TO THE EDITOR:
Severe acute respiratory syndrome coronavirus 2 (SARS-CoV-2), responsible for coronavirus disease 19 (COVID-19), has led to a significant increase in morbidity worldwide since its outbreak.1 Ongoing antileukemic treatment may worsen the immunological status of patients with chronic lymphocytic leukemia (CLL), possibly leading to worse outcomes of COVID-19.2,3
A recent meta-analysis showed a high case fatality rate in hospitalized patients with hematologic malignancies4 and published reports indicated high rates also in patients with CLL.5-9 Outcomes ameliorated with the introduction of new drugs against SARS-CoV-2, but a great reduction of the mortality rate was allowed by prophylaxis with the vaccines administration.7
Our study aimed to evaluate the impact of COVID-19 in patients with CLL treated with venetoclax based on data collected from a retrospective study conducted by the SEIFEM (Sorveglianza epidemiologica infezioni nelle emopatie) group.

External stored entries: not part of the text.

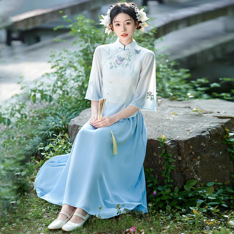 2024 New Chinese Embroidered Collar Lace Mid-Sleeve Modified Cheongsam Vintage Ethnic Style Top Skirt Women's Suit
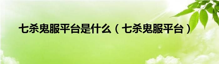 关于七杀鬼服平台是什么,七杀鬼服平台这个很多人还不知道,今天菲菲来为大家解答以上的问题,现在让我们一起来看看吧!
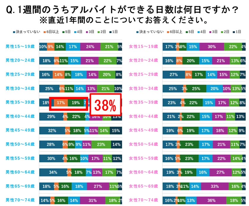 35~39歳の年齢層が、週5日以上働ける割合が最も多く、週5日以上働ける割合は「38%」と、全体の約4割でした。
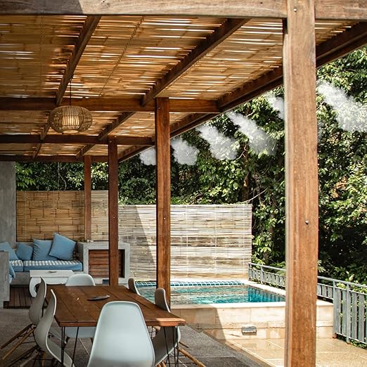 【冷房維持】ミストシステムは、ウォーターミストを発生させ、暑い夏の屋外環境からの熱を吸収し、涼しい屋外エリアを提供します。
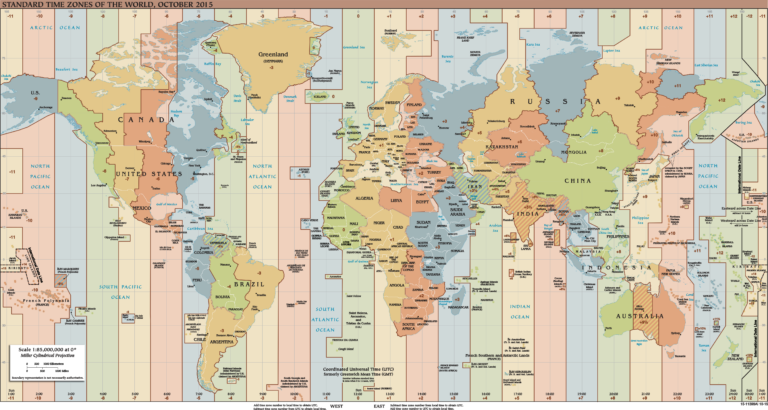 This map, published by the CIA in October 2015, shows the different time zones that exist around the world.

The retrospective multicenter study included 258 patients with CLL treated from January 2017 to December 2022 with venetoclax single agent until progression or toxicity (122 patients) or venetoclax plus anti-CD20 antibody as fixed-duration therapy (136 patients, of whom 128 venetoclax plus rituximab and 8 venetoclax plus obinutuzumab). The median time on venetoclax was 20 months (range, 1-68); patients previously exposed to venetoclax who withdrew treatment before the onset of the pandemic in February 2020 were excluded.
In conformity with what was previously reported in other settings of immunological treatment of hematologic cancers,10 we considered 3 different ERAs: the first period (ERA-1) spanned from the beginning of the COVID-19 pandemic until the time when SARS-CoV-2 vaccination was available (February 2020 through February 2021); the second period (ERA-2) spanned from the beginning of SARS-CoV-2 vaccination until the time when passive prophylactic measures with tixagevimab-cilgavimab became available (March 2021 through March 2022); and the third period (ERA-3) began with the initiation of passive prophylactic measures with tixagevimab-cilgavimab (from April 2022).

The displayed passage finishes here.